Exercise directions |
Beginning with the line that contains "수많은 후기가 효과를" and ending with the line that contains "Übrigens führt zum", reproduce the lines of the entries below exactly, omitting pictures.

Data extract |
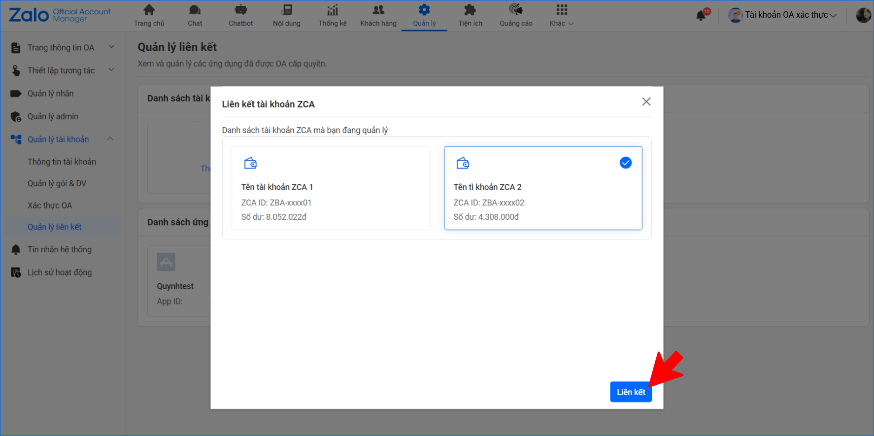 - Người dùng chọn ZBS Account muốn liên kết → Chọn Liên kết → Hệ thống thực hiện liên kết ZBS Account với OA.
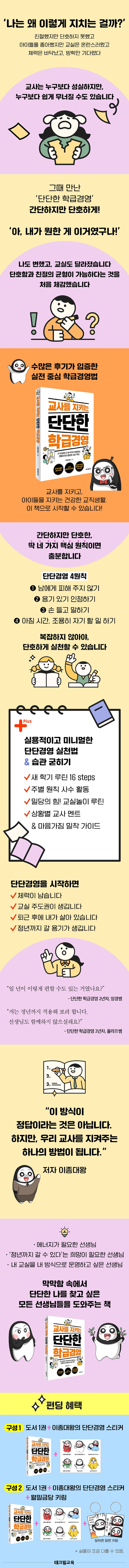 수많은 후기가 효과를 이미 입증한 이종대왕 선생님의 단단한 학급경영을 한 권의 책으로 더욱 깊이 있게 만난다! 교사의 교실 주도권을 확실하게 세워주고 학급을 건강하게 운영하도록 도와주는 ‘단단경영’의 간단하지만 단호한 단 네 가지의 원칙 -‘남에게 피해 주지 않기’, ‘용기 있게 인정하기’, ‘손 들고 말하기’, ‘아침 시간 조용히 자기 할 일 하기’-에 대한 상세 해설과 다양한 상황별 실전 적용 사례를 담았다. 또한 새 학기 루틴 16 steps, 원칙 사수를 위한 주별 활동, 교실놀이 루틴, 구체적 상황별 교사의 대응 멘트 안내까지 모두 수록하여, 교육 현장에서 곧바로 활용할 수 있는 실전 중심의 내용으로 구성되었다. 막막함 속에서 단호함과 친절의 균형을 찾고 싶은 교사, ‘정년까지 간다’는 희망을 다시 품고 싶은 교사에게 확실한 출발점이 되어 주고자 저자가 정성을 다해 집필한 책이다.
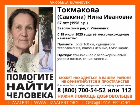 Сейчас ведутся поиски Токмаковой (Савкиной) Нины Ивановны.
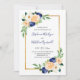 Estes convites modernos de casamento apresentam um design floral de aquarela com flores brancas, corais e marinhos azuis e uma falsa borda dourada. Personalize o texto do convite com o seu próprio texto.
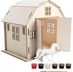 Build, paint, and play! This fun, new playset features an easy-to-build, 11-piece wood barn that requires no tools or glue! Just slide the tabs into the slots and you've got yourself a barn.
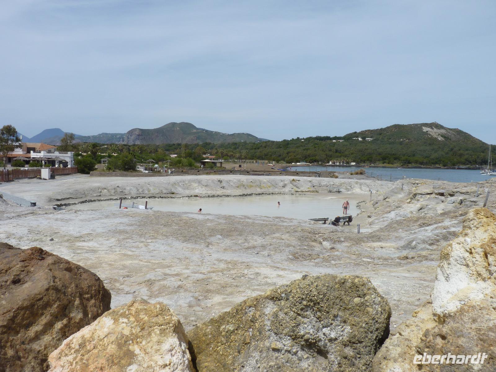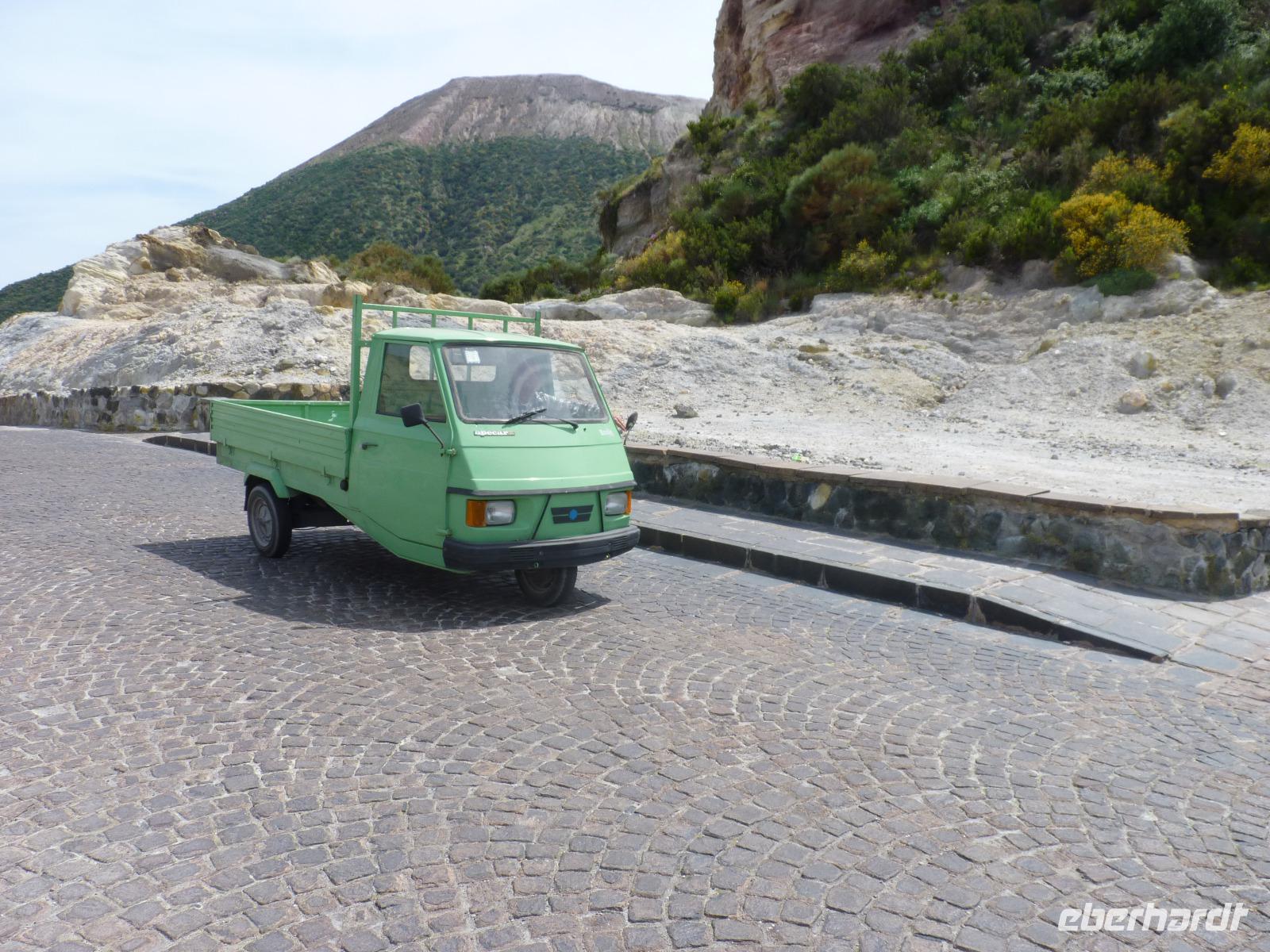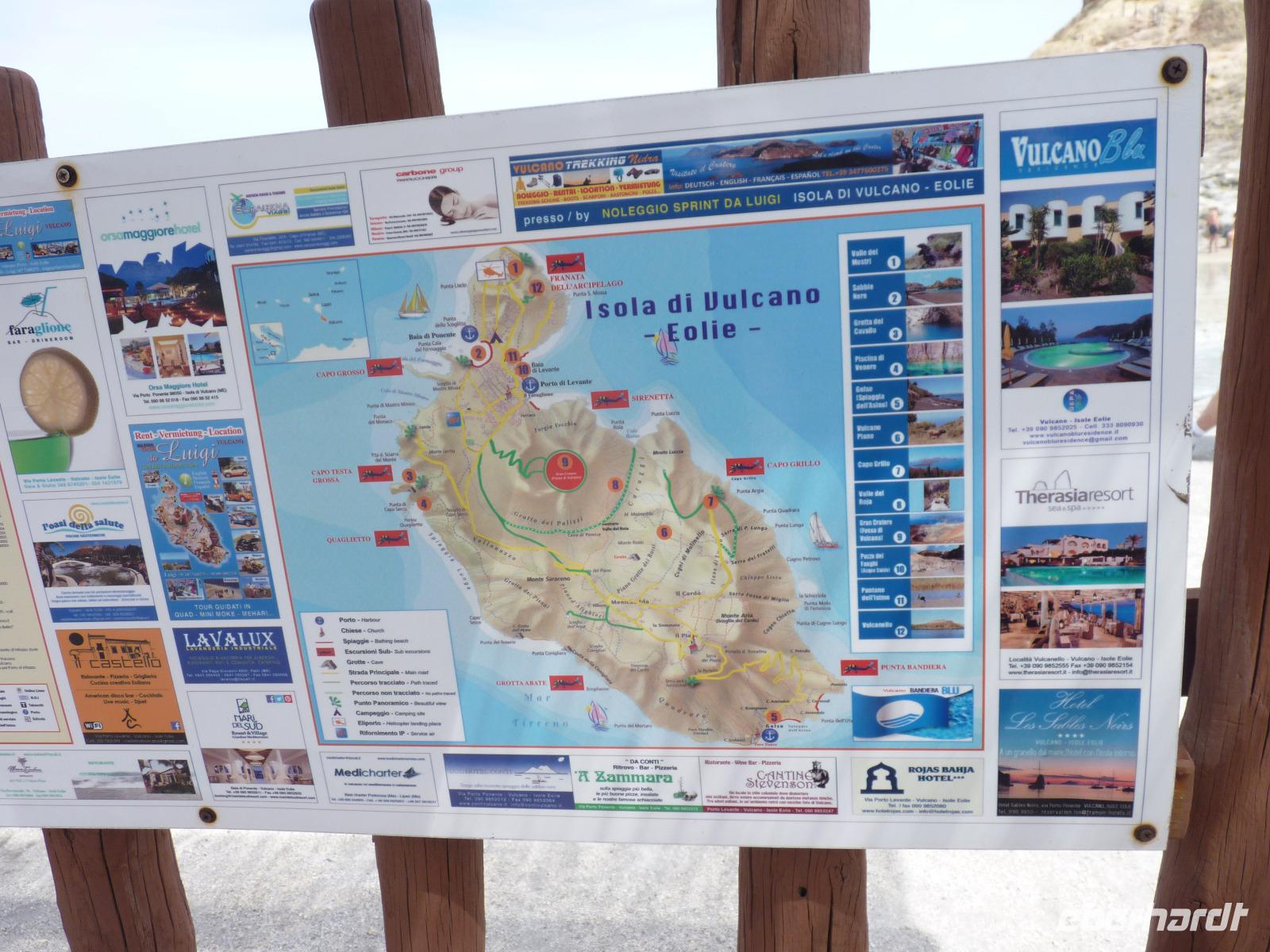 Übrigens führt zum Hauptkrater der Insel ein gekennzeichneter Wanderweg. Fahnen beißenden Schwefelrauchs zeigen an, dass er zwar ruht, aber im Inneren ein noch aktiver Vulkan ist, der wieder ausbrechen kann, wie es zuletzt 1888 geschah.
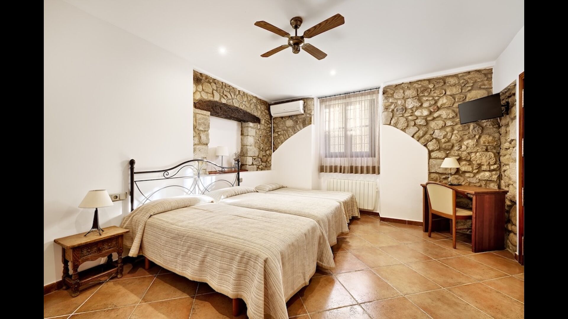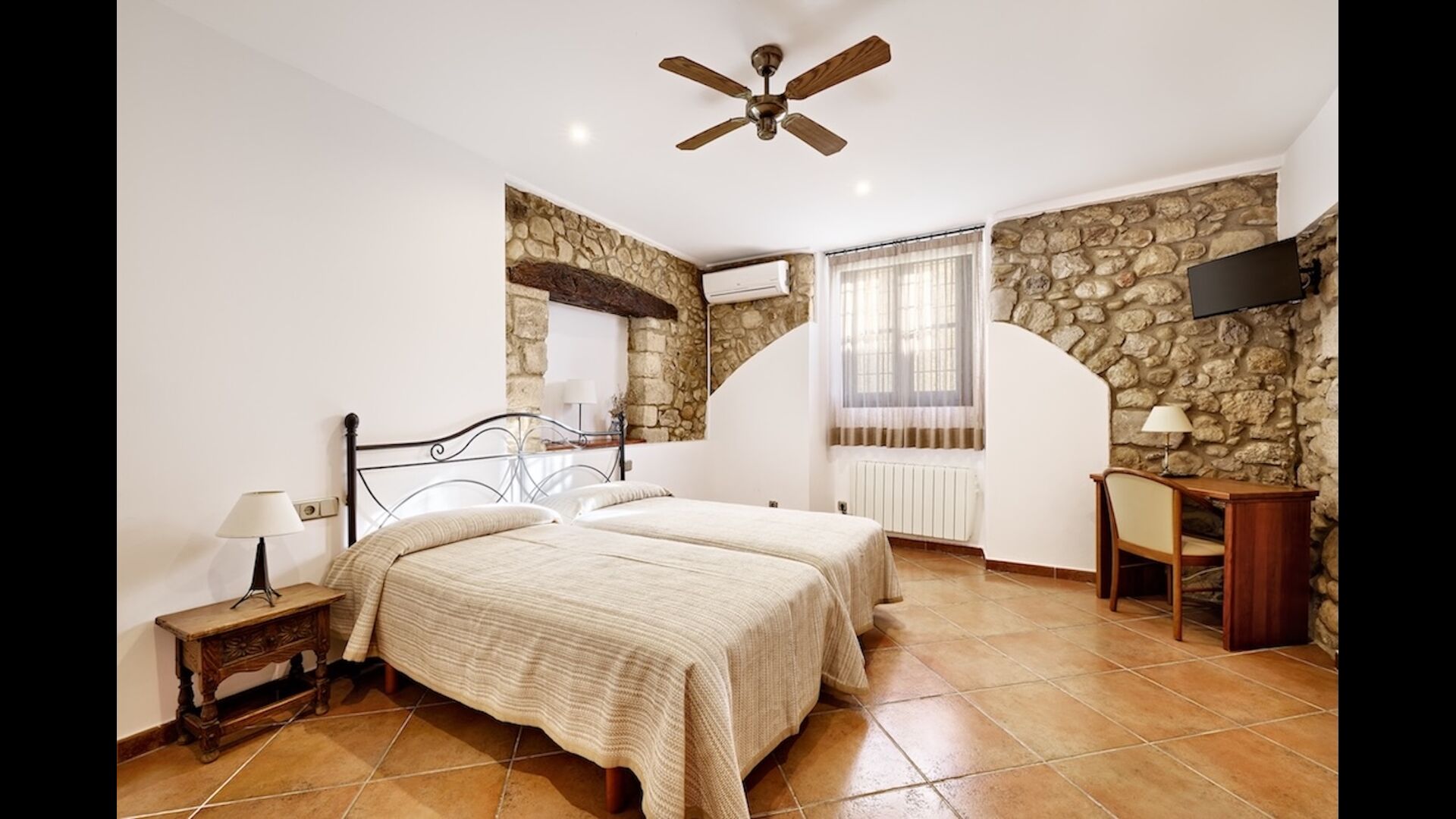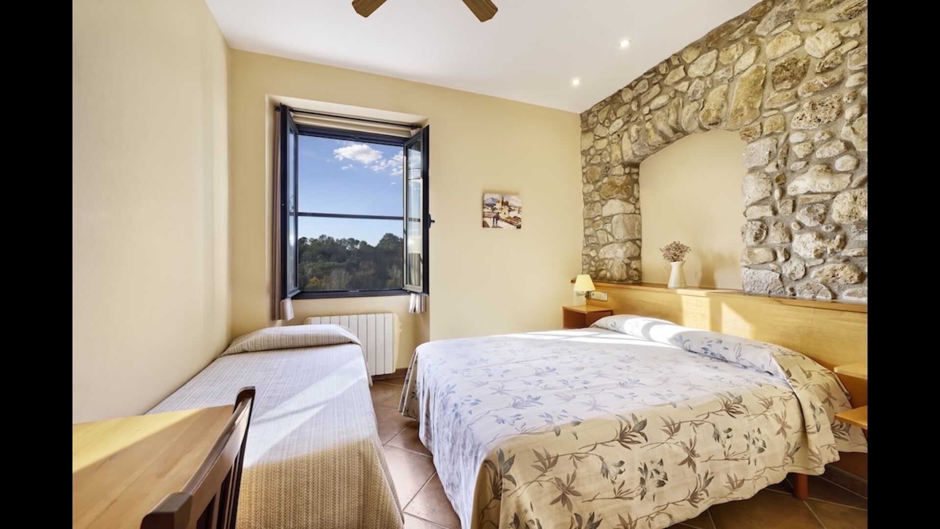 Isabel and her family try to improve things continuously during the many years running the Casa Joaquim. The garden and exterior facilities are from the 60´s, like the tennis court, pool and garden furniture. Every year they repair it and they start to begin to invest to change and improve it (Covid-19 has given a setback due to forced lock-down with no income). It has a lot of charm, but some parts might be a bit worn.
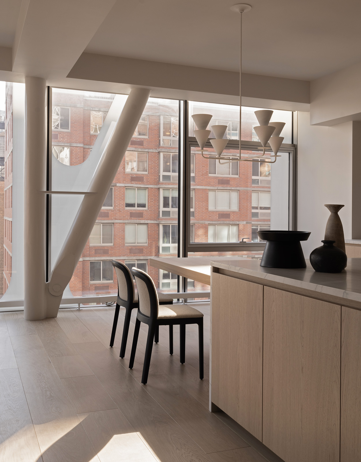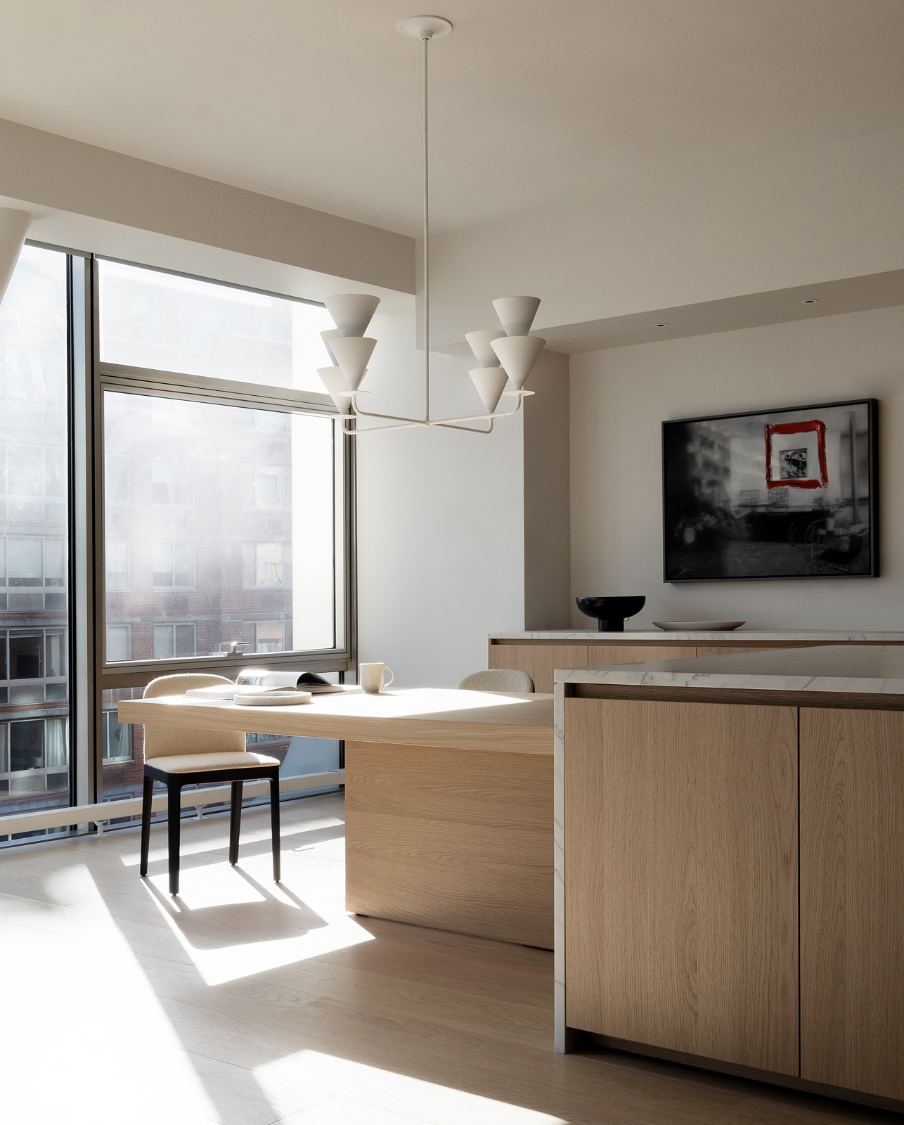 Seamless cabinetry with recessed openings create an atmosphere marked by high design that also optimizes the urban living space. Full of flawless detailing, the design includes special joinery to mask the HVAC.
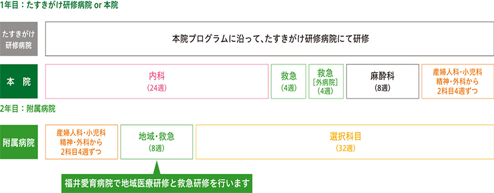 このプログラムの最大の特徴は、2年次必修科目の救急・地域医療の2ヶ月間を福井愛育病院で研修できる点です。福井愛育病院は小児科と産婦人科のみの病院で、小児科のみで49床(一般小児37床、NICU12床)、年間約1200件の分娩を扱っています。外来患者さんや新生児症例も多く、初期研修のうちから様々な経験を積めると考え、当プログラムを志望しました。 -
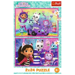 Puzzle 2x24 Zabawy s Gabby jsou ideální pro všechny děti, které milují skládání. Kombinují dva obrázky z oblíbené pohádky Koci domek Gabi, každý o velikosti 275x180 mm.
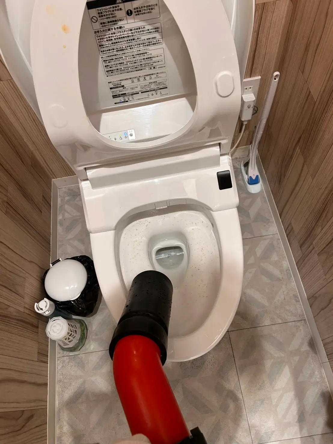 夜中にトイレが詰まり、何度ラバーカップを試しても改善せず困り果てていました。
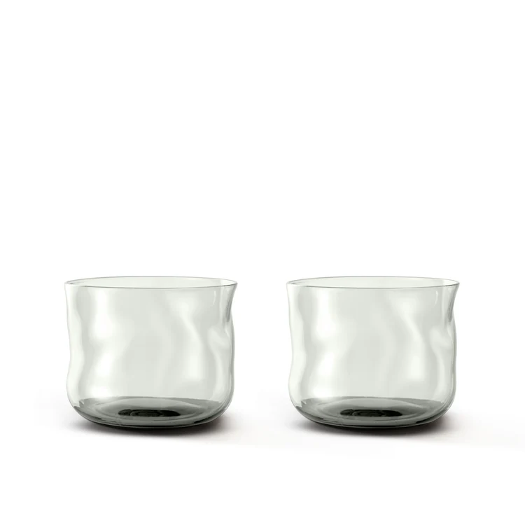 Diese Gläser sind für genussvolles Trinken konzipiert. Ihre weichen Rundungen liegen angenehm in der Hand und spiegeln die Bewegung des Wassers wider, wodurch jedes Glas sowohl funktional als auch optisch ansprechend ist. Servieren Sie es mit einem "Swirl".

Answer to the exercise |
 수많은 후기가 효과를 이미 입증한 이종대왕 선생님의 단단한 학급경영을 한 권의 책으로 더욱 깊이 있게 만난다! 교사의 교실 주도권을 확실하게 세워주고 학급을 건강하게 운영하도록 도와주는 ‘단단경영’의 간단하지만 단호한 단 네 가지의 원칙 -‘남에게 피해 주지 않기’, ‘용기 있게 인정하기’, ‘손 들고 말하기’, ‘아침 시간 조용히 자기 할 일 하기’-에 대한 상세 해설과 다양한 상황별 실전 적용 사례를 담았다. 또한 새 학기 루틴 16 steps, 원칙 사수를 위한 주별 활동, 교실놀이 루틴, 구체적 상황별 교사의 대응 멘트 안내까지 모두 수록하여, 교육 현장에서 곧바로 활용할 수 있는 실전 중심의 내용으로 구성되었다. 막막함 속에서 단호함과 친절의 균형을 찾고 싶은 교사, ‘정년까지 간다’는 희망을 다시 품고 싶은 교사에게 확실한 출발점이 되어 주고자 저자가 정성을 다해 집필한 책이다.
 Сейчас ведутся поиски Токмаковой (Савкиной) Нины Ивановны.
 Estes convites modernos de casamento apresentam um design floral de aquarela com flores brancas, corais e marinhos azuis e uma falsa borda dourada. Personalize o texto do convite com o seu próprio texto.
 Build, paint, and play! This fun, new playset features an easy-to-build, 11-piece wood barn that requires no tools or glue! Just slide the tabs into the slots and you've got yourself a barn.
 Übrigens führt zum Hauptkrater der Insel ein gekennzeichneter Wanderweg. Fahnen beißenden Schwefelrauchs zeigen an, dass er zwar ruht, aber im Inneren ein noch aktiver Vulkan ist, der wieder ausbrechen kann, wie es zuletzt 1888 geschah.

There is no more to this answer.